A detailed (work in progress) architectural specification of the performance model can be found at: Architectural Spec
This work was originally undertaken during the Covid-19 pandemic and is intended to demonstrate the author's competency in their areas of software modelling of computer architecture. An effort such as this is a large undertaking and is therefore difficult to complete when working independently and on a part-time basis. Please consider therefore that the work contained herein may be incomplete and should not serve the basis as a production quality verification model.
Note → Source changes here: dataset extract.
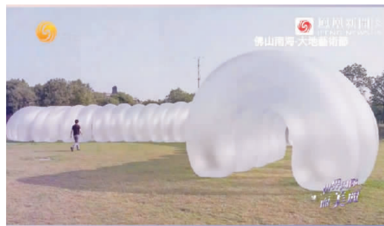
■凤凰卫视中文台《世界因你而美丽》栏目介绍南海大地艺术节盛况。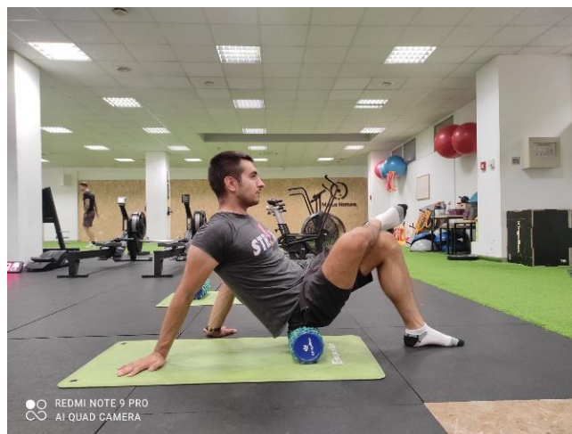
Slika 10. Istezanje uz pomoć valjka

Tijekom vježbe istezanje uz pomoć valjka (slika 10) klijent sjeda na valjak na bočnu stranu gluteusa i postavlja stopalo jedne noge na koljeno druge noge. Cilj je istegnuti medijalni i lateralni gluteus.

The project is structured as a normal C++17 project with only very limited dependencies on outside libraries. SystemC has not been used.
To compile:
# Clone and initialize working repository
git clone http://www.github.com/stephenry/cc
pushd cc
git submodule update
# Build project
mkdir build
pushd build
cmake ..
make -j
For the purpose of development, directed unit tests have been constructed to verify the functional correctness of certain expected behaviors of the model. The majority of the emphasis of the work to date has been carried out using directed tests.
To run, unit tests:
ctest .
The unit test environment constructs a simulation instance, generates stimulus, runs the simulation and then checks expected post-conditions. The test fails if these expected post-conditions have not been attained. There is limited ability also to perform self-checking within the simulation, which validates the correctness of events within the model. There are further plans for randomized test generation (fuzzers) however the model has not yet reach a point where this can be carried out.
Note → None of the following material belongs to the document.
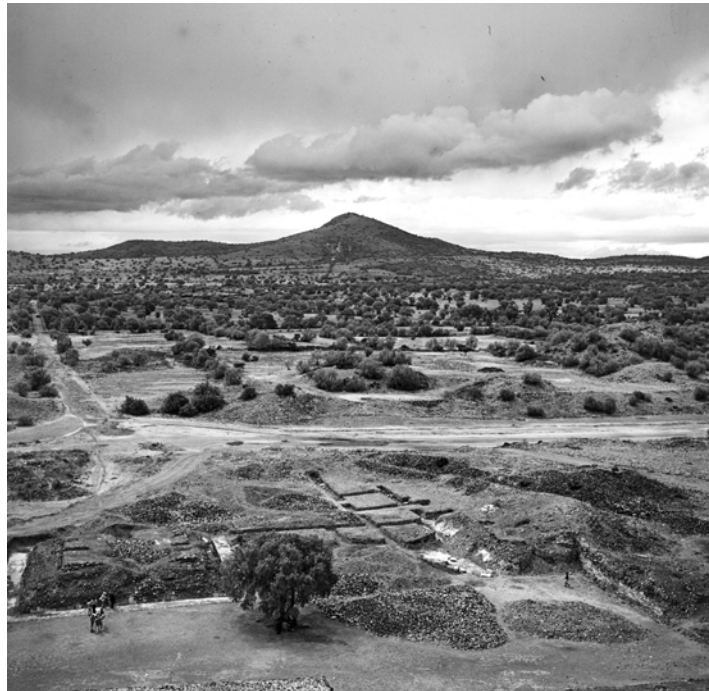
MÉXICO, TEOTIHUACÁN. Vista del paisaje en torno a la Pirámide del Sol. Fotografía de Roberto Pane, 1962. Imagen: AFRP, AME2.P.30.

Desde la cima de la Pirámide del Sol, fotografié el horizonte y luego, a mis pies, la estructura diagonal, marcada por las alineaciones de las piedras grises. La única imagen figurativa, tanto más contrastada con el entorno por la repetida secuencia de cabezas de serpiente, que sobresale en la ronda, es la pirámide de Quetzalcóatl, adosada en una más antigua. Y aquí hay que señalar que las fábricas construidas después de los cambios históricos radicales, producidos por éxodos, revoluciones y conquistas, se superponen o yuxtaponen con una brutalidad cuya evidencia aparece hoy quizás aún mayor que antes, debido al proceso de desintegración que descubre las estructuras a medida que los revestimientos ceden a la acción de los agentes externos.

A relatively simple driver program has been implemented which allows for the test environment to be configured, and for stimulus to be defined. A top-level JSON configuration is provided, from which the top-level simulation environment is defined, constructed and elaborated. The associated trace-file defines the sequence of Load/Store commands to be issued by the CPU models in the simulation and the time at which they are scheduled to occur.
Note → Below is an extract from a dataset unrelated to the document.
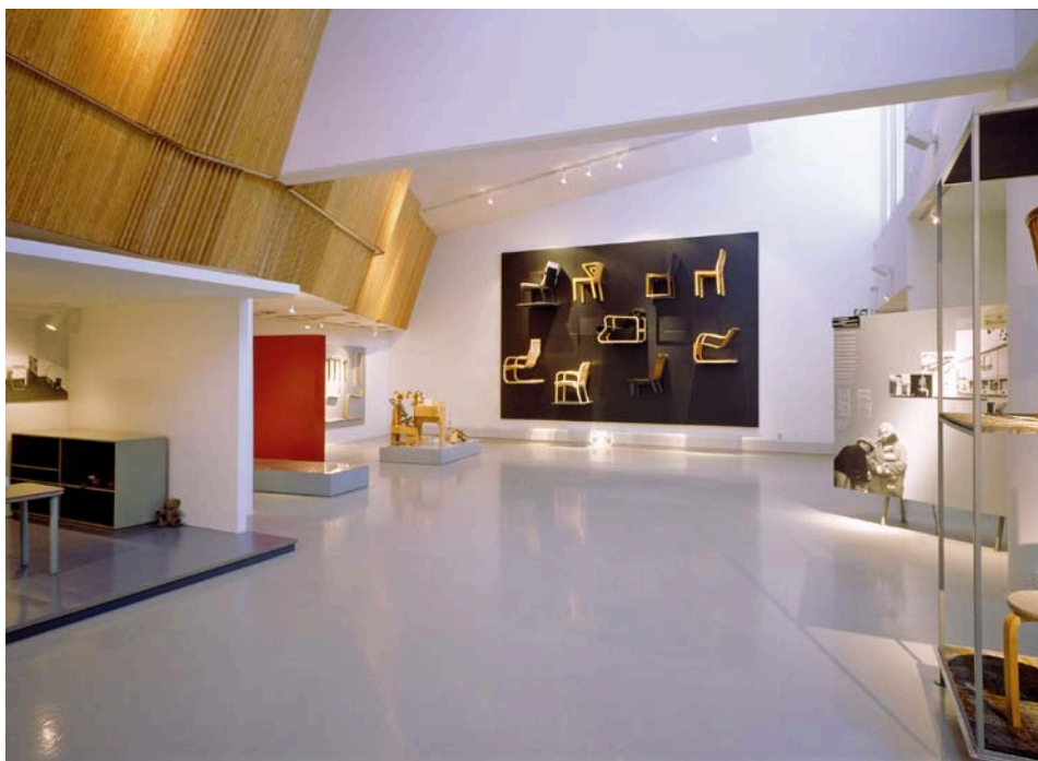
Alvar Aalto -museon perusnäyttely Alvar Aalto. Arkkitehti.

Alvar Aalto -museon pysyvä näyttely tutustuttaa vierailijansa Aallon värikkääseen elämään sekä merkittävän laajaan tuotantoon, joista esimerkkeinä kaupunki- ja sisustussuunnittelu, valokuvat, huonekalut sekä lasituotteet. Museossa on myös vaihtuvien näyttelyiden tila, jossa pääsee tutustumaan mm. nykyarkkitehtuuriin ja suunnitteluun.

A simple trace driven simulation can be invoked using:
./driver/driver ./cfgs/base.trace
A full description of the trace-file format can be at: TRACE.
For the example JSON configuration, which is a
very simple single CPU system, the following trace causes the CPU 0 to
emit a LOAD
instruction at time 200
to address 0x1000
, and a
subsequent LOAD
to the same line at time 400
.
// Set paths
M:0,top.cluster.cpu
// Advance cursor to 200
+200
// Issue Load to 0x1000
C:0,LD,0x1000
// Advance cursor to 400
+200
// Issue Load to 0x1000
C:0,LD,0x1000
The first LOAD
instruction causes a compulsary miss in the CPU's L1
cache, which initiates the fill operation. The line is eventually
installed in the cache in the Exclusive
state, and the LOAD
replayed. Sometime later, the second LOAD
instruction is issued,
hits in the cache and commits immediately (after some small cache
lookup penalty).
The simuation emits a full trace of all messages communicated during the execution of the stimulus. Upon completion, gathered statistics are emitted from which it can be seen that one load miss took place (the initial compulsory miss), followed by two hits corresponding to the replayed instruction and the second load to the same line.
[410.2:FI;top.statistics (M)]:CPU statistics path top.cluster.cpu: '{transaction_count:2}
[410.2:FI;top.statistics (M)]:L1 Cache statistics top.cluster.l1cache: '{store_hit_n:0, store_miss_n:0, load_hit_n:2, load_miss_n:1}
The example trace-file can be readily extended as necessary, but as the simulator remains a work-in-progress, non-trivial sequences are not yet guarenteed to complete successfully.